- _Exercise brief_
Please reproduce exactly, and only, the lines from the one with "Pink Floral Diamond" through the last line of the listing below, both ends included, leaving out the pictures.

- _Data section_
····················
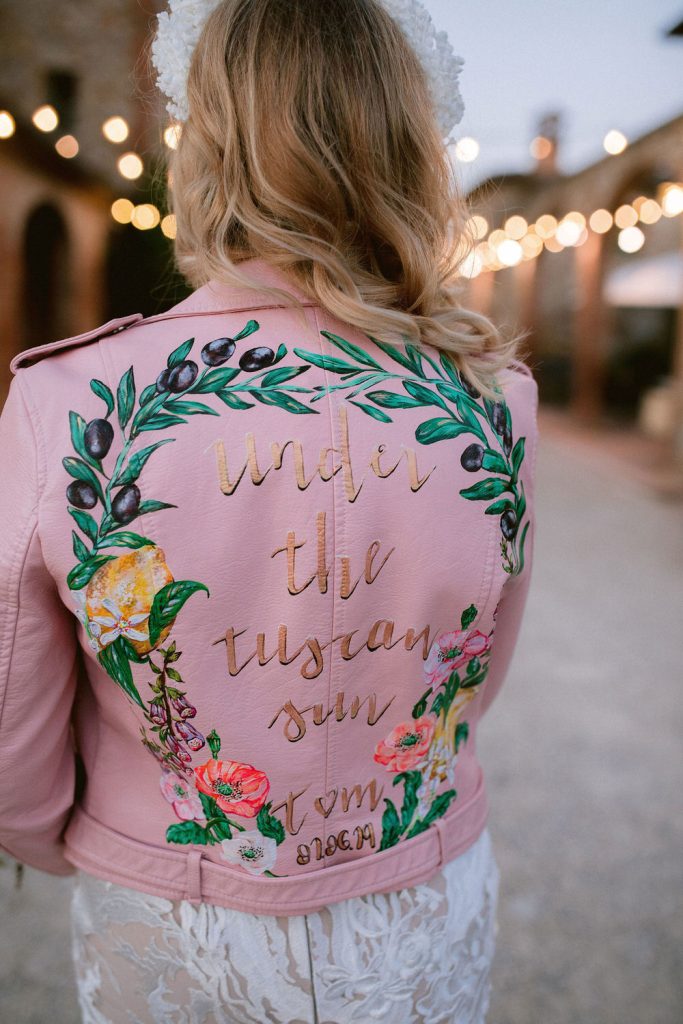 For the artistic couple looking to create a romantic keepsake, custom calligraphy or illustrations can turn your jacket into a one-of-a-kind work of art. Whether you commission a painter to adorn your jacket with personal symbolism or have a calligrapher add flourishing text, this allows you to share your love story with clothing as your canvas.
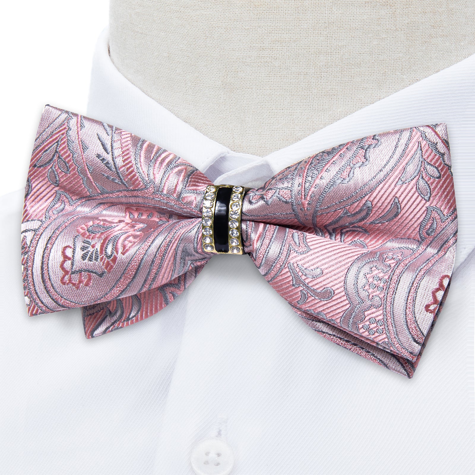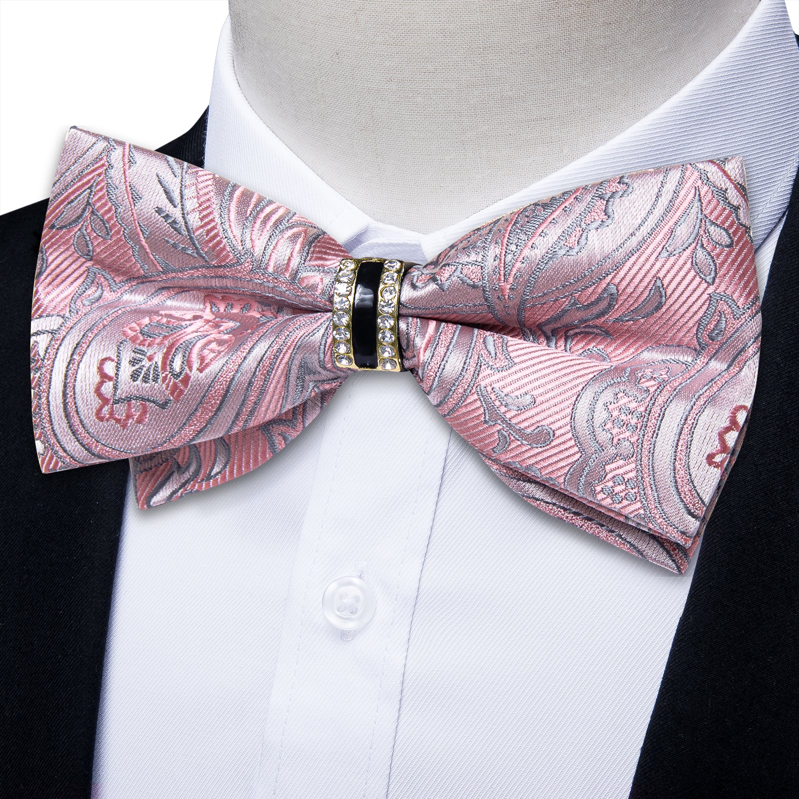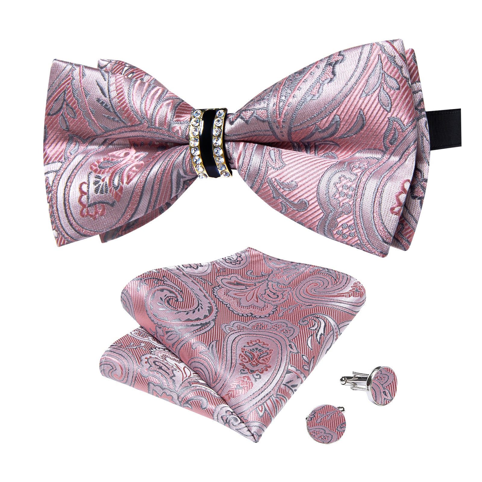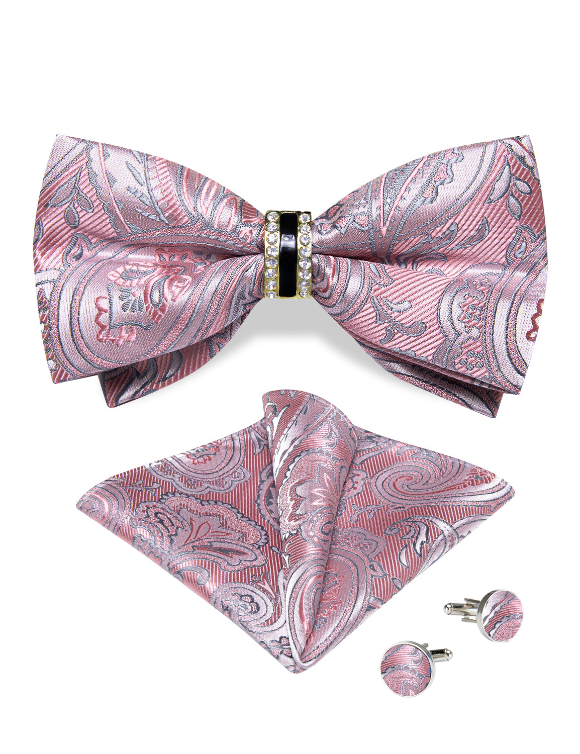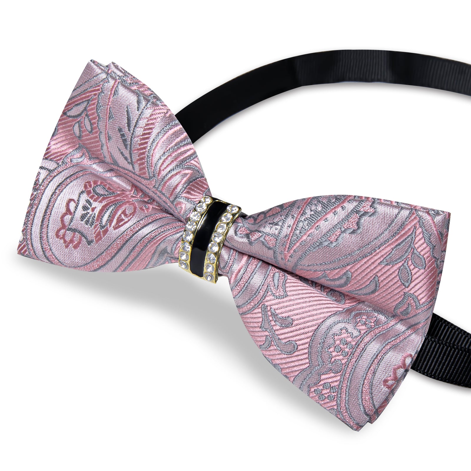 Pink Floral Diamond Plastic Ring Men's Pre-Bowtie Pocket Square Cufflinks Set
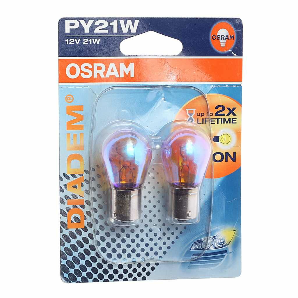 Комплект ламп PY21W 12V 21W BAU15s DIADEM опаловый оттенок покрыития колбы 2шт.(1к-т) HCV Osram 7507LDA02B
····················
- _Expected answer_
 Pink Floral Diamond Plastic Ring Men's Pre-Bowtie Pocket Square Cufflinks Set
 Комплект ламп PY21W 12V 21W BAU15s DIADEM опаловый оттенок покрыития колбы 2шт.(1к-т) HCV Osram 7507LDA02B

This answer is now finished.